The start-up app Twine, originally launched to host real-life events, also shifted operations online, inviting strangers into eight-minute one-on-one conversations provoked by deep questions. “It’s that serendipitous spark that we seek when we travel . . . like I’m throwing caution to the wind and sitting down at the bar and talking to the stranger,” Twine co-founder Diana Rau said.

Facebook Groups and Meetup are other ways to find virtual international communities. “One of the great things about traveling to another country is people invite us in and expose their culture to us,” Galinsky said.

“That experience is somehow really invigorating.”

Being confined to a limited radius can feel restricting, but there may be an unexpected benefit. “Part of the joy of travelling is noticing all the small things,” said Alice Boyes, author of The Healthy Mind Toolkit. “We tend to be good at noticing those little things when we’re travelling,” she said, but “forced monotony can make us a little bit better at picking up on them”.
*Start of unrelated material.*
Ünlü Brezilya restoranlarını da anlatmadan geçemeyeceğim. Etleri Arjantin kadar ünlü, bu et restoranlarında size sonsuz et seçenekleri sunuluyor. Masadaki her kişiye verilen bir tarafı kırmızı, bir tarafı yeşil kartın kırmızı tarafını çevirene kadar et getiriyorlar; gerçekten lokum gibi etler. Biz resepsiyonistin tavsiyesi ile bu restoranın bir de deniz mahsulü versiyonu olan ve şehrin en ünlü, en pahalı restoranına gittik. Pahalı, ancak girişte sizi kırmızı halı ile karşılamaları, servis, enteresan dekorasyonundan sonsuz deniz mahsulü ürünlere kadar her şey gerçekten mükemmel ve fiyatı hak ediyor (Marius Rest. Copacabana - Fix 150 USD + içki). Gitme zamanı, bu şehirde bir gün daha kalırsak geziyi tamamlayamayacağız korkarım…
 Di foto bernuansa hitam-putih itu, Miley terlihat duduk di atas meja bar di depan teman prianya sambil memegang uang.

This sensation can be sparked by people-watching out your window, the same way you do at a tourist destination, or by being more observant on a familiar walking route – spotting that garden gnome you missed before, or a bird’s nest on a high branch.
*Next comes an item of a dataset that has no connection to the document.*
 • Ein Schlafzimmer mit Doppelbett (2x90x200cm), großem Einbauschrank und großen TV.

A minor change within a familiar setting can also help, Boyes said. “Instead of always sitting under the same tree in a park, go and sit under a different tree and see how that is a different perspective,” she added.
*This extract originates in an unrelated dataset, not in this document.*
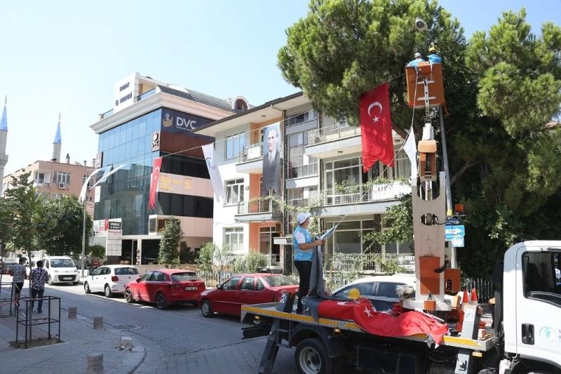 Merkezefendi Belediyesi, 30 Ağustos Zafer Bayramı kutlamaları için hazırlıklarını sürdürüyor. Bu kapsamda, ilçe sınırları içerisinde bulunan sokaklar, Türk bayrakları ve Atatürk posterleriyle süslenmeye başladı.

With wildlife seemingly storming the streets – including mountain goats in Wales, domestic goats in San Jose and buffalo in India – animals have turned urban centres into their own playgrounds. “The idea of seeing a new animal in your own town is very exciting, like you’re going to another place,” Galinsky said.

Whether the increase in sightings has come from people noticing them more or wildlife actually emerging, the lockdown has strengthened human connections with nature, said Jim Sano, the World Wildlife Fund’s vice president of travel, tourism and conservation. “Not having those opportunities to travel has made us appreciate even more what we have in our backyard,” he said. And, he added, nature can provide the feeling of being “enveloped by something that is comforting”.

The best time to spot larger wildlife, he said, is during golden hours – the first two and last two hours of light – since it’s a transition period for nocturnal animals and predator-prey activity is heightened.

You can also observe birds in your own yard or nearby parks – interest in birdwatching has taken off during the quarantine – or just train your eyes on the ground. “One of my crazy habits is, when I’m going all over the world even in a place like Manhattan, I’ll look down and invariably find ants,” Sano said. “These sorts of things are running right around you.”

While sticking to a predictable routine during the pandemic has been suggested as a way to maintain calm and stability, adventurers are used to shaking up their schedules. “Anything different is going to help stimulate more fun,” Lombardo said. “Different things like getting up early to watch a sunrise and then maybe taking a nap can be luxurious.”

Those shifts “put you in a more experimental mind-set,” Boyes added, but ultimately it’s about cognitive change. “Something that shakes up your sense of self is like discovering that your view of you isn’t what you thought it was. You see yourself as more flexible – and that’s what travel does, as well.”

Ironically, the inability to travel has given everyone a dose of the benefits of travel.

“This [quarantine experience] is a change of routine,” Boyes said. “If you’re open to it, the whole thing – without you really needing to do anything – can help you see yourself in a different way.”